──────── RECORDED DATA ────────
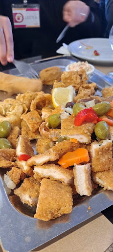 14/09/2024 Llegamos a las 21.15. El lugar estaba semi lleno en ese momento No había la tabla que quisimos comer. Pedimos una de rebozados y una tortilla. Está última llegó quemada a los 20' (a las 21.25 ya habíamos hecho el pedido) Siendo las 22.30 de la tabla de rebozados, ni noticias. Le preguntamos al mozo quien nos gritó que él no era de la cocina (un grosero) Finalmente alrededor de las 22.45 llegó la mentada tabla. Incomible: rabas frías y babosas, bastones de mozzarella fríos adentro (evidentemente congelados) que eran un bodoque de queso. Un horror. El ruido ambiente cuando el local se llenó, insoportable. No vuelvo. Y es una pena porque se comía...
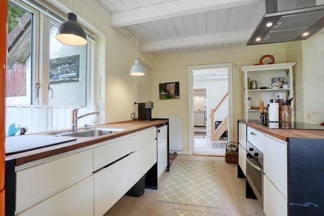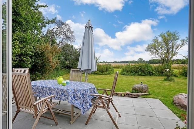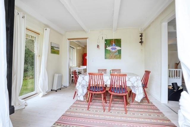 I den dejlige store have, kan I nyde de varme dage og lune aftner, og sidde på terrassen og nyde udsigten. Er der noget bedre end at sidde og opleve mørket og roen sænker sig, med et glas vin eller en god kop te eller kaffe? Her finder I både plads til hygge, afslapning og natureventyr. Fra huset har I kun 300 meter til havet for enden af vejen.
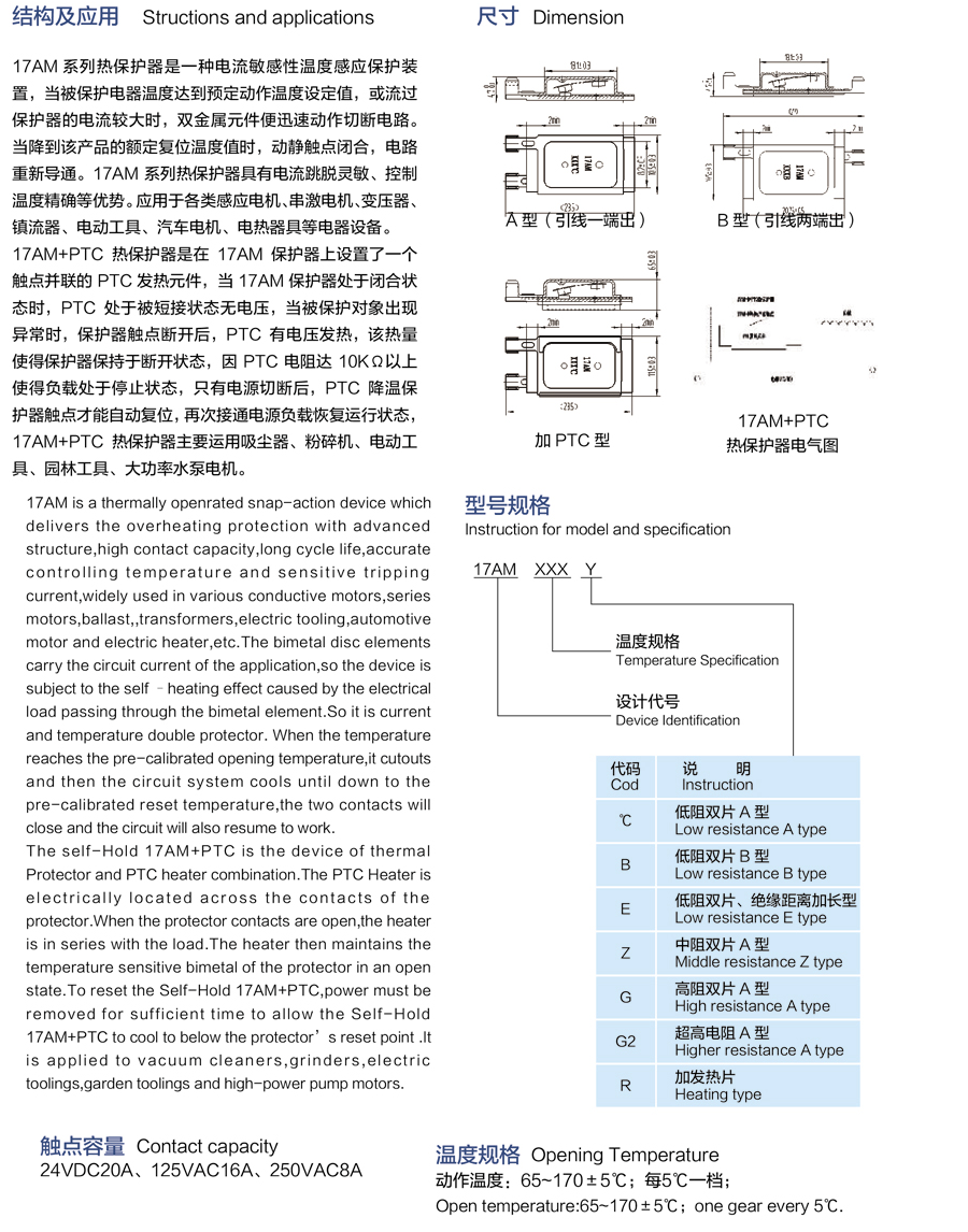 簡(jiǎn)述: 17AM系溫控器 17AM series thermal protector
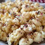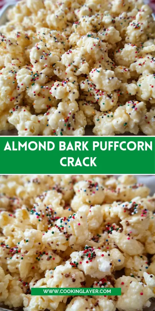 Almond Bark Puffcorn Crack is a sweet and crunchy treat made with buttery puffcorn and creamy almond bark, finished off with colorful sprinkles for an extra touch.
────────
→ WORK TO COMPLETE: Output the material above word for word. Leave out its images.

→ REPLY TO THE EXERCISE:
 14/09/2024 Llegamos a las 21.15. El lugar estaba semi lleno en ese momento No había la tabla que quisimos comer. Pedimos una de rebozados y una tortilla. Está última llegó quemada a los 20' (a las 21.25 ya habíamos hecho el pedido) Siendo las 22.30 de la tabla de rebozados, ni noticias. Le preguntamos al mozo quien nos gritó que él no era de la cocina (un grosero) Finalmente alrededor de las 22.45 llegó la mentada tabla. Incomible: rabas frías y babosas, bastones de mozzarella fríos adentro (evidentemente congelados) que eran un bodoque de queso. Un horror. El ruido ambiente cuando el local se llenó, insoportable. No vuelvo. Y es una pena porque se comía...
 I den dejlige store have, kan I nyde de varme dage og lune aftner, og sidde på terrassen og nyde udsigten. Er der noget bedre end at sidde og opleve mørket og roen sænker sig, med et glas vin eller en god kop te eller kaffe? Her finder I både plads til hygge, afslapning og natureventyr. Fra huset har I kun 300 meter til havet for enden af vejen.
 簡(jiǎn)述: 17AM系溫控器 17AM series thermal protector
 Almond Bark Puffcorn Crack is a sweet and crunchy treat made with buttery puffcorn and creamy almond bark, finished off with colorful sprinkles for an extra touch.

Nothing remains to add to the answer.